Sometimes you find guinea pigs who are willing to try anything. For me this is the couple of AG and RH. These two poor souls are typically in my crosshairs whenever I visit my parents across three states. Once I complete the arduous journey to reach this part of town, all my friends in Delhi seem like they are across the Radcliffe line. I know they're just a metro ride away, but somehow I cannot bring myself to make any plans.
Which brings us back to my guinea pigs, er, friends in Noida. So the poor souls have been subjected to watching a magic show by OP Sharma, no less. Now most of that show was fun, but parts of it were quite cringeworthy, to the point of being sleazy. Fortunately RH has a sense of humour else that show may have ended up costing me an old friendship with AG. After the show I had promised myself that I would not impose these foolhardy schemes on them anymore.
But alas, once I cross the Radcliffe line, I am rather short of friends. And these schemes come to my small brain. And as you may have noticed I don't have too much self control.
So I got them to go out again today to the golf driving range nearby. I think the range was not too bad an experience as we spent a fair amount of time there and then followed it up with a movie (Deadpool).
And now we came out of the mall we were faced by a flash mob dancing along to some popular songs. This was to promote a Indian Cultural program that is coming up in March. Very interesting. Around twenty odd people dancing for the joy of it. Not dancing well or with great coordination, but with an absolutely brilliant smile plastered on everyone's face. It was great, it was infectious, and it was just so wonderful to see.
Now I don't know if I'll visit the cultural thing ( it's across the Radcliffe line), but this is a great way of promotion, so much fun.
Saturday, February 13, 2016
Flashing the mob, or something like that
Sunday, February 7, 2016
Confidence in the dress shop
I don't usually write about marriage/relationship and how it impacts the way individuals behave. There are more than enough research papers, news paper stories, magazine articles, self -help books, and most importantly, Whatsapp jokes around this. But I really need to relate this. Also, I'm sitting at an airport with a long waiting period for my flights boarding to be announced, and I've just discovered a blogger app that lets me post from my mobile phone, so you're stuck with reading this.
One of the ways that you can clearly discern the duration of the marriage/relationship is by seeing the guys behaviour when out clothes shopping. For the girl.
For the first six months there is a swoon. The guy doesn't care if he needs to carry her handbag, doling out "you look wonderfuls" as the girl changes through hundreds of dresses in the cramped trial rooms. For the next one year or so there is the beginning of an awareness that this is not his natural habitat. Hanging on to her handbags (or are they called totes now? Or are they called something else now? Frankly, I can't keep up). This is the period where you can see men cringing when their partner nonchalantly thrust their handbags at them and rush into the trial rooms. Various devices are, well, devised by the guys to prevent the ignominious position of roaming around with a pink handbag on their shoulders as various hues of women excitedly go through the racks of clothes. This is also the period when men try to avoid the eyes of other men in similar predicaments. A whole anthropological study can be conducted around the behaviour patterns of men in women's dress shops in this time period of their relationship. But more on that, and the associated funding request, later.

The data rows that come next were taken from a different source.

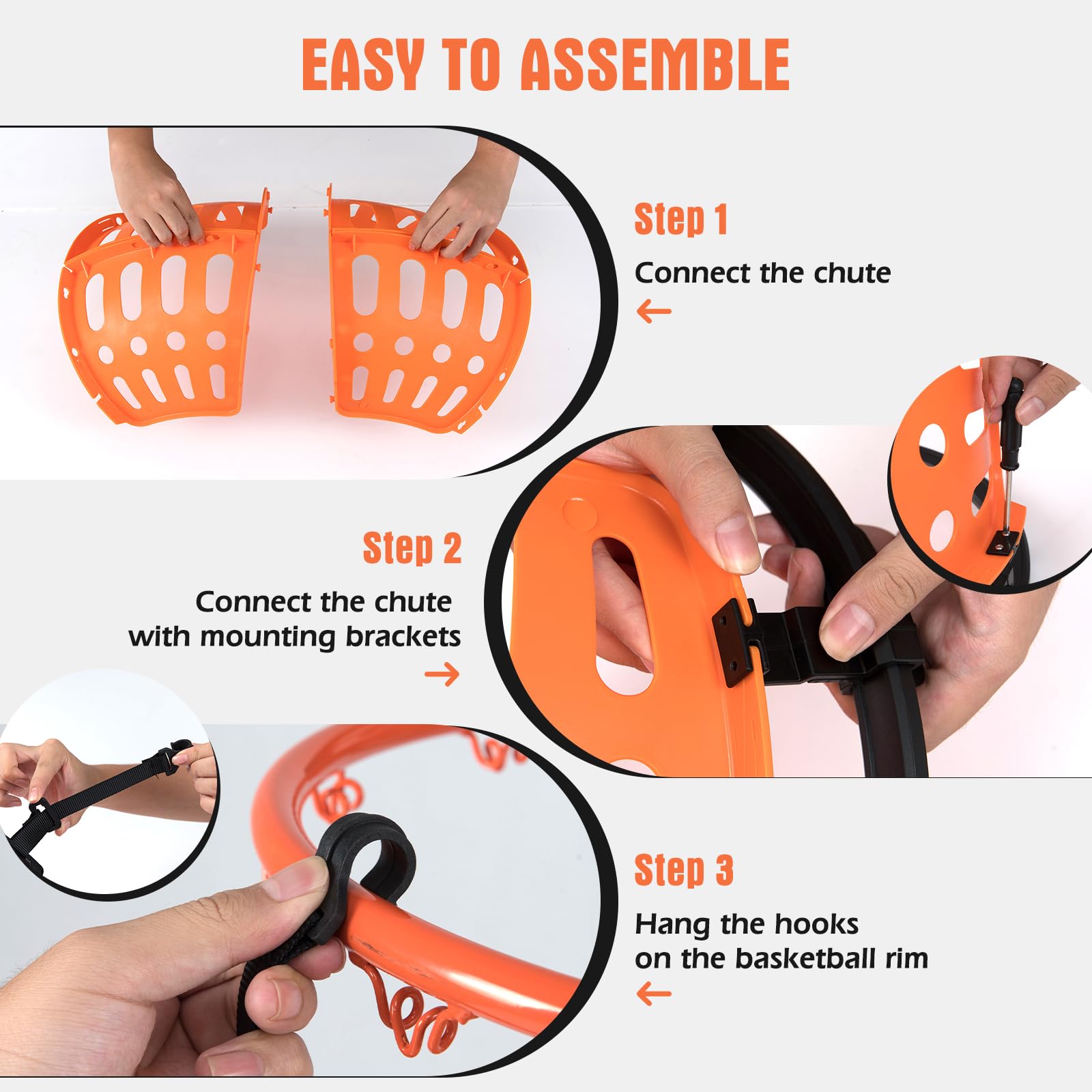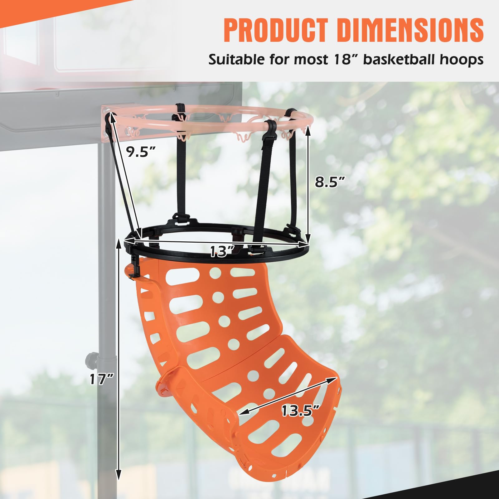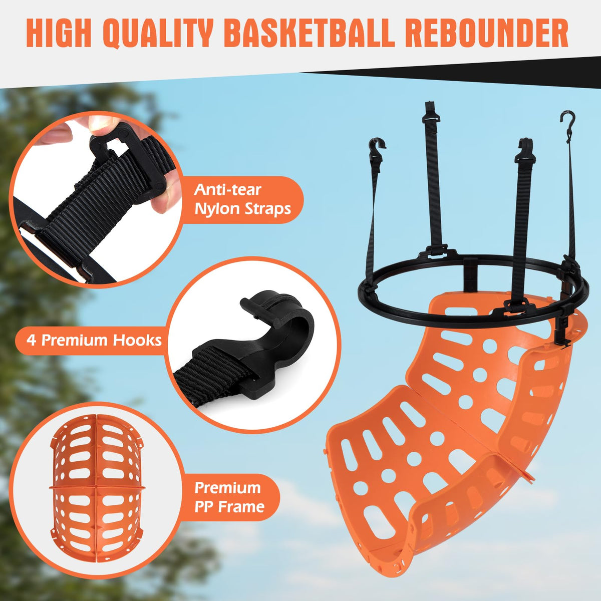 This lightweight basketball rebounder boasts an easy-to-reach ball return system that maximizes your shooting efficiency by ensuring you never have to waste precious practice time chasing after loose balls. The chute is highly adjustable due to its' full 360° rotation, allowing you to direct the ball to any spot on the court with precision. Additionally, the PP frame is impact-resistant and designed for long-lasting service, making it a reliable addition to your training setup. It also features anti-tear nylon straps and four premium hooks that provide a stable and secure fit on most 18" basketball hoops. Whether you're practicing at home, in a school gym, or at a community park, this rebounder is a must-have for any serious basketball player looking to improve their skills.
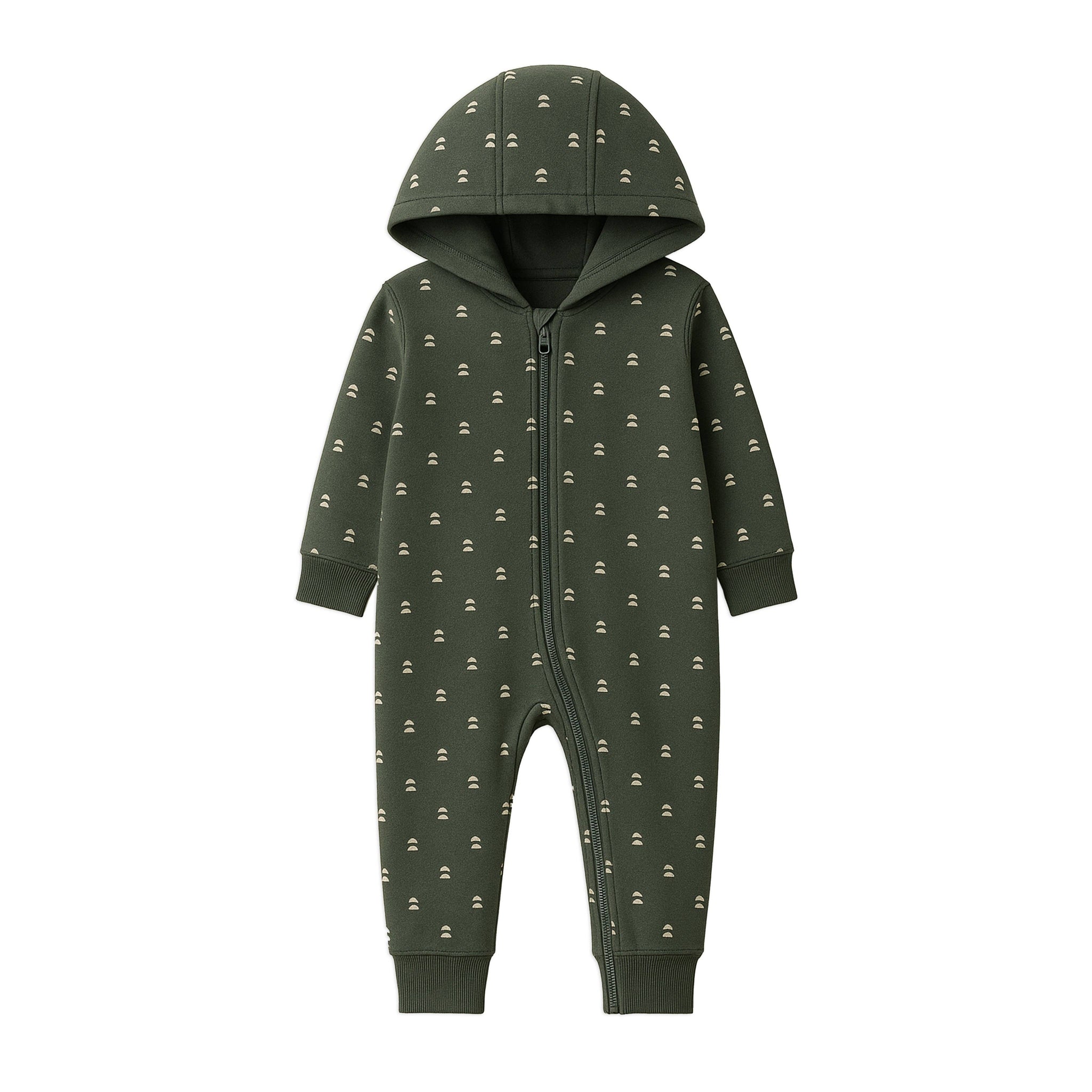 Greer Fleece Hooded Zipper Romper: Bent / Pine / 3-6M
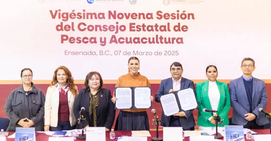 ENSENADA.- Para fortalecer el desarrollo de la pesca y la acuacultura en Baja California, la gobernadora Marina del Pilar Avila Olmeda y el comisionado nacional de Acuacultura y Pesca, Alejandro Flores Nava, firmaron un convenio de colaboración y formalizaron la instalación del consejo que permitirá implementar estrategias para el crecimiento sustentable del sector.
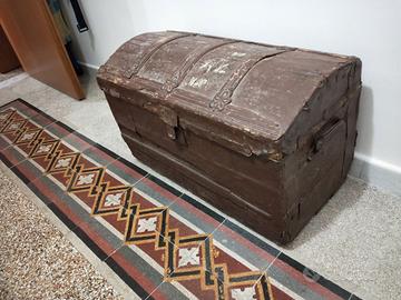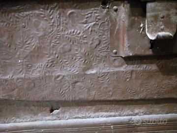 Antico baule in legno lavorato in ferro e rivestito in cuoio, con decorazioni ornamentali sia frontali che laterali, un manico laterale
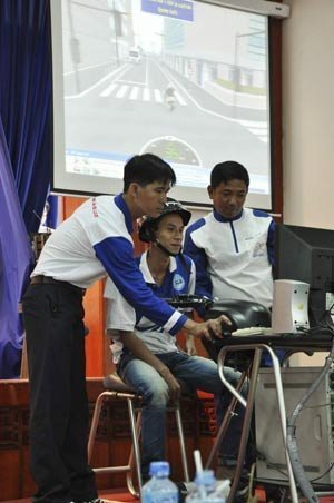 Hướng dẫn viên LXAT của HVN đang phổ biến kiến thức ATGT |
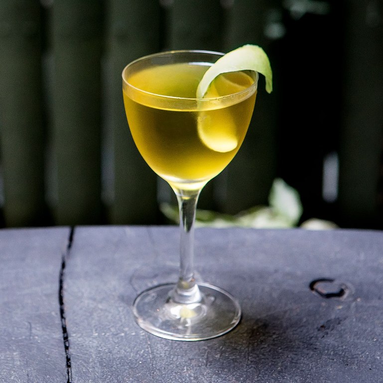 Струсити всі інгредієнти з льодом у шейкері та процідити в охолоджений коктейльний келих
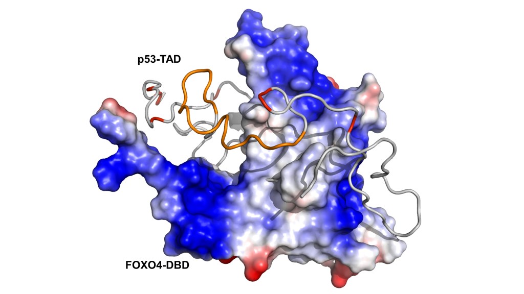 Transkripční faktory a tumorové supresory FOXO4 a p53 regulují stárnutí buněk a jejich deregulace je spojena s řadou onemocnění, včetně rakoviny. Za stresových podmínek dochází k podpoře buněčné senescence díky interakci Forkhead DNA vazebné domény proteinu FOXO4 s transaktivační doménou proteinu p53. Tato interakce způsobuje sekvestraci p53 a zvýšení transkripce proteinu p21, který je regulátorem buněčné senescence. Týmy z katedry fyzikální a makromolekulární chemie PřF UK, Ústavu organické chemie a biochemie AV ČR a Fyziologického ústavu AV ČR v této nové studii ukázaly, že interakce mezi p53 a FOXO4 jsou vysoce heterogenní. Pomocí metod jaderné magnetické resonance a molekulového modelování vědci ukázali, že transaktivační doména p53 interaguje s N-koncovou oblastí Forkhead domény FOXO4, přičemž v komplexu zůstává značně flexibilní. Studie dále ukázala, že p53 interaguje s FOXO4 různými způsoby, což způsobuje značnou strukturní variabilitu tohoto komplexu.

The next year is when men slowly get attuned to their place in the universe. There are more wry smiles than scowls when they receive the yellow oh-so-cute handbag from their ladies. This is also the period when they exchange commiserating nods with other men wearing other oh-so-cute bags. An anthropologist would probably call this period the "acceptance phase".
And then you come to my stage. I have christened it the "confident consultant" phase. I cannot describe it as this phase is more a state of mind than a set of characteristics. What I can do though, is to give you an example of why I started thinking on these lines. Imagine a rakishly handsome man enters a dress shop (this is not a multi-brand shop with both men an women's clothing. This is just women's clothing), looks around and identifies an empty chair, makes a beeline for it and before any woman could even look at it. He then settles in for the long haul - takes out a book and starts reading. The trial room is 10 yards from his vantage point and he looks up occasionally as his wife emerges once in a while for his comments about the dresses being tried. He bellows out his comments with nary a care in the world. To put it in perspective, the same person, a year ago, would have diffidently murmured his very politically correct comments while shuffling his feet, mortified if any of the other women in the store heard them. But now, not just "oh it looks wonderful" type comments, but harsh comments about the hideousness of the dress, the antecedents of the designer of the dress and what alternative career would suit him/her better are strewn around nonchalantly at the top of his voice.
When you reach that zen state where you feel at home in a women's store, that's when you know you're approaching year four!
I'll keep you updated on what happens next year.